– Я была уверена, что ты сейчас вновь на силу напирать начнешь, а ты стал апеллировать к логике, и даже не чужд самокритики, – она скосила на него удивленный взгляд. – Что ж, у меня не то положение, чтобы не попытаться достичь хоть какого-то компромисса. Говори, какие есть предложения и что ждешь от меня.
– После такой фразы хочется удавиться, но я проглочу, Лу. Компромисс, так компромисс. Хотя мне больше нравятся слова: любовь, семья, взаимопомощь, взаимопонимание… Но похоже тебе теперь они не близки… Ладно, переживем. Главное хоть как-то начать понимать друг друга…
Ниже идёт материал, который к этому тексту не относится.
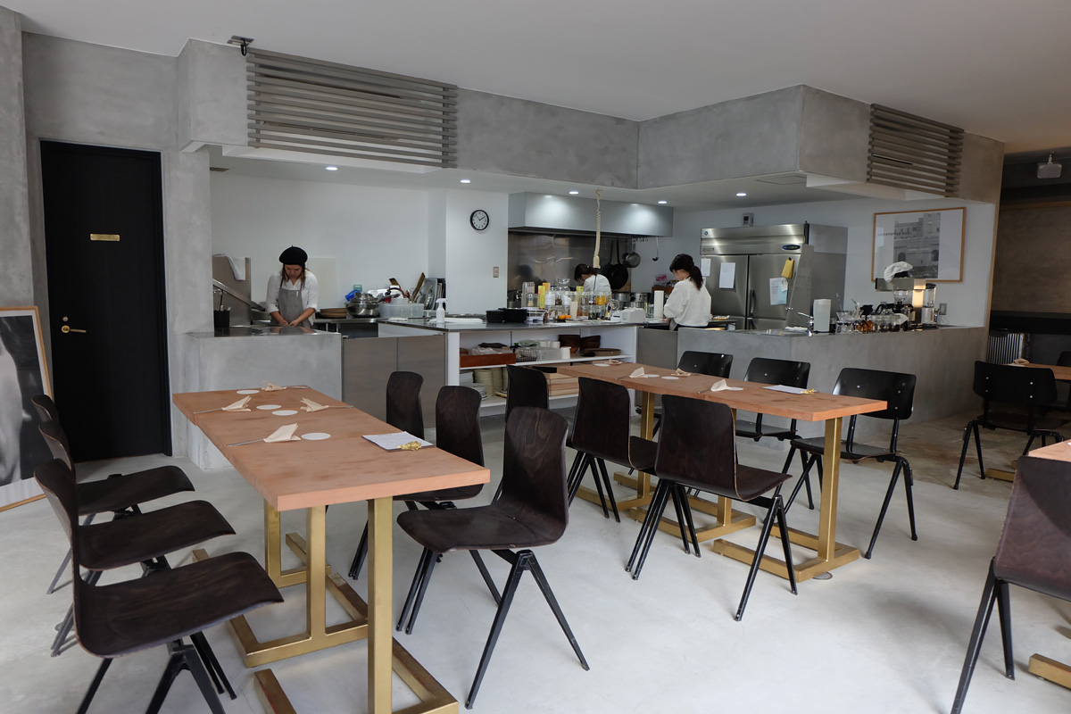 店内奥には、ライブ感漂うキッチンが印象的。オープンな空間にしたいとオーナーが一番こだわった場所でもあります。コンクリート調のシンプルな雰囲気に、個性的なテーブル、椅子が空間に彩りを添えます。

– Короче можешь? – она неприязненно поморщилась.
– Могу. Пообещай, что, по крайней мере, пока полностью не заживет нога, не станешь больше пытаться сбегать. Для твоей ноги это может иметь фатальные последствия и стоить тебе будет слишком дорого… Ну и примешь мою помощь и моей матери, и с озорницами общаться нормально будешь…
– А если не пообещаю?
– Лу! Черт! Не надоело еще? Нет? – он схватил её за плечи и уперся в глаза неприязненным злым взглядом. – Вот чего ты добиваешься? Чего? Чтобы я начал придумывать как тебя связанной и под надзором круглосуточным держать? Так я придумаю! Можешь не сомневаться!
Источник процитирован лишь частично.